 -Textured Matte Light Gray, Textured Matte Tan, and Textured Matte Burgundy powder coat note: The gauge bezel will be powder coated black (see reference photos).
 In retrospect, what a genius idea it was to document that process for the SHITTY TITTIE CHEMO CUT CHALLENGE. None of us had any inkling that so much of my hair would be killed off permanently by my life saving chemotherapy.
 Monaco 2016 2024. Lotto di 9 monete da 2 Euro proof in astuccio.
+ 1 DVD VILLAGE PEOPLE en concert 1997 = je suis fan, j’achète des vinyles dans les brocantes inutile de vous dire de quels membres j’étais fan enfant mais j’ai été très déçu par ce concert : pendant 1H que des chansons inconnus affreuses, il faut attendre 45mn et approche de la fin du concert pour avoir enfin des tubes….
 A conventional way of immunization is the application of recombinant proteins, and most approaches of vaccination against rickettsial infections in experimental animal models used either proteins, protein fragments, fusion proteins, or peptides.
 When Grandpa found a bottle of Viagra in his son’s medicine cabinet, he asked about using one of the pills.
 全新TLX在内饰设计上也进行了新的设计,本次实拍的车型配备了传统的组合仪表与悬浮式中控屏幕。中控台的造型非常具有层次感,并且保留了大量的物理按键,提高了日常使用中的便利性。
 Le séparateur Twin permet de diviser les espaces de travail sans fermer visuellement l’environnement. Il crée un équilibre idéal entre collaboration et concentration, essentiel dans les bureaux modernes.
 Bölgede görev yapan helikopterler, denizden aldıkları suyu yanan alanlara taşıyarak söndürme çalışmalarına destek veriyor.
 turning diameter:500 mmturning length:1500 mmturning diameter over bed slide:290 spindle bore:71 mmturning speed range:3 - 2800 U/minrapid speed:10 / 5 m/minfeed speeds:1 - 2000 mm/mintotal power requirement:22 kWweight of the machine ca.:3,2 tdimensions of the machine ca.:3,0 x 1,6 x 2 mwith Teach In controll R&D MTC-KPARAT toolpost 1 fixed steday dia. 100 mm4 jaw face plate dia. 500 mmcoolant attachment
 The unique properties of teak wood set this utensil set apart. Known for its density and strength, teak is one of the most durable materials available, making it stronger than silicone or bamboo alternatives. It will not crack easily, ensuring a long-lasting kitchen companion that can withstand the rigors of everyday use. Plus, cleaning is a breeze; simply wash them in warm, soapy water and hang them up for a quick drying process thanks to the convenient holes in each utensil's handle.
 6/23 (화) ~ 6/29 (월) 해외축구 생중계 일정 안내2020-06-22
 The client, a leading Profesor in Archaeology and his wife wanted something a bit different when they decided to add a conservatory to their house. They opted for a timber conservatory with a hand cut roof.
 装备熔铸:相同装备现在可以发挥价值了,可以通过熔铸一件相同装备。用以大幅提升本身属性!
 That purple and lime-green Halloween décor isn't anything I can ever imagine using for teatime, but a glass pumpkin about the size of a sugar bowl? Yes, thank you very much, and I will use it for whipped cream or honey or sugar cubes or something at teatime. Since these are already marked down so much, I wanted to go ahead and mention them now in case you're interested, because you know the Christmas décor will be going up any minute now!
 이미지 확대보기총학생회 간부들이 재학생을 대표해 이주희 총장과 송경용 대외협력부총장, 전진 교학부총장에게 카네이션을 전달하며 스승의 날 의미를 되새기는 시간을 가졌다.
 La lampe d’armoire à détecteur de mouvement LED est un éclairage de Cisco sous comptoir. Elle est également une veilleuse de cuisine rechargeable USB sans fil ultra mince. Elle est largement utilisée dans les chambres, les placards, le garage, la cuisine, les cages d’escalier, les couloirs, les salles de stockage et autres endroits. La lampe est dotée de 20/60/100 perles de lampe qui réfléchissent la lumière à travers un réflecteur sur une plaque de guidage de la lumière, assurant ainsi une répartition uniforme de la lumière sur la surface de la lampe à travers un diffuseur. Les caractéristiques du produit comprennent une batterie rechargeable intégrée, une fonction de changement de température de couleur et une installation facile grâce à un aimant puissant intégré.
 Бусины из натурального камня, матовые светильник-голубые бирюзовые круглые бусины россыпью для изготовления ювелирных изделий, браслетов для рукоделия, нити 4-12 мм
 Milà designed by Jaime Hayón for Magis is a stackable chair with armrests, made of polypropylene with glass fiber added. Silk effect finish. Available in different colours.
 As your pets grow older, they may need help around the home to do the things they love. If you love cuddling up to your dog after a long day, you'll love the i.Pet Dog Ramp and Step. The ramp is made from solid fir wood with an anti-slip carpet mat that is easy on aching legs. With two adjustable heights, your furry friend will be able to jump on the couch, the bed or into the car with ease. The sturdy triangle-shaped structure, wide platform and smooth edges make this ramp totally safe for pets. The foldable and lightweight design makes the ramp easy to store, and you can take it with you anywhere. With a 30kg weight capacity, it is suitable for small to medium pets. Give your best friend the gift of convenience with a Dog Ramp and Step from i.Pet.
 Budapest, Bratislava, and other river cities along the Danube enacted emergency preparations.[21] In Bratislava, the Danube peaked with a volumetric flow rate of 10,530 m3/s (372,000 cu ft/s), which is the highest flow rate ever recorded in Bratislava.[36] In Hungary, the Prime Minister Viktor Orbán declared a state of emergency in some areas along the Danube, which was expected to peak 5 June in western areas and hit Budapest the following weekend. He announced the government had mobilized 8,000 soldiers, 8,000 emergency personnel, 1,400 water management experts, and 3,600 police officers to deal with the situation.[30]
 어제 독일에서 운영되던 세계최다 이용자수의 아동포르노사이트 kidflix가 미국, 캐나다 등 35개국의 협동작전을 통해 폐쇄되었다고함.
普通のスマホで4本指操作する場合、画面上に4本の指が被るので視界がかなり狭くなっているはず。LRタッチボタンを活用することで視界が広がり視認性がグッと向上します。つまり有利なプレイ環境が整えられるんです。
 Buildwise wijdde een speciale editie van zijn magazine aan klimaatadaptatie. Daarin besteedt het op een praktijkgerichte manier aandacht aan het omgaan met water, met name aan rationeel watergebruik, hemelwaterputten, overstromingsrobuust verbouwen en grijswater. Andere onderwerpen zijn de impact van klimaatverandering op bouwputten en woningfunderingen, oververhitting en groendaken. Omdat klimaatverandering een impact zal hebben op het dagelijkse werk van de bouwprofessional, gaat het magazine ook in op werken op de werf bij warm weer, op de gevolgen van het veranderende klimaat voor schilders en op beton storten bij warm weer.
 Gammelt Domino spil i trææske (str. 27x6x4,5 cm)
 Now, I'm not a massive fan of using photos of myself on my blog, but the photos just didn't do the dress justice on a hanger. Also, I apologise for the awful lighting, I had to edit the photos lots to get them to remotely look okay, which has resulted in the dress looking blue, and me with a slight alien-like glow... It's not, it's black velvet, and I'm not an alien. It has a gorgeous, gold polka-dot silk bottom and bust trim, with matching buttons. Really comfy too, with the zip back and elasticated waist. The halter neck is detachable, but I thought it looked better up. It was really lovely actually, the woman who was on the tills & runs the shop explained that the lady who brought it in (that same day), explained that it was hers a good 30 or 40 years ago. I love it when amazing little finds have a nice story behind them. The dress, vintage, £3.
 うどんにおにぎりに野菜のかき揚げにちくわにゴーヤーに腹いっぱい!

• Required action
Gather from the entries above all lines that include the string "something".

• Response to the task
 The client, a leading Profesor in Archaeology and his wife wanted something a bit different when they decided to add a conservatory to their house. They opted for a timber conservatory with a hand cut roof.
 That purple and lime-green Halloween décor isn't anything I can ever imagine using for teatime, but a glass pumpkin about the size of a sugar bowl? Yes, thank you very much, and I will use it for whipped cream or honey or sugar cubes or something at teatime. Since these are already marked down so much, I wanted to go ahead and mention them now in case you're interested, because you know the Christmas décor will be going up any minute now!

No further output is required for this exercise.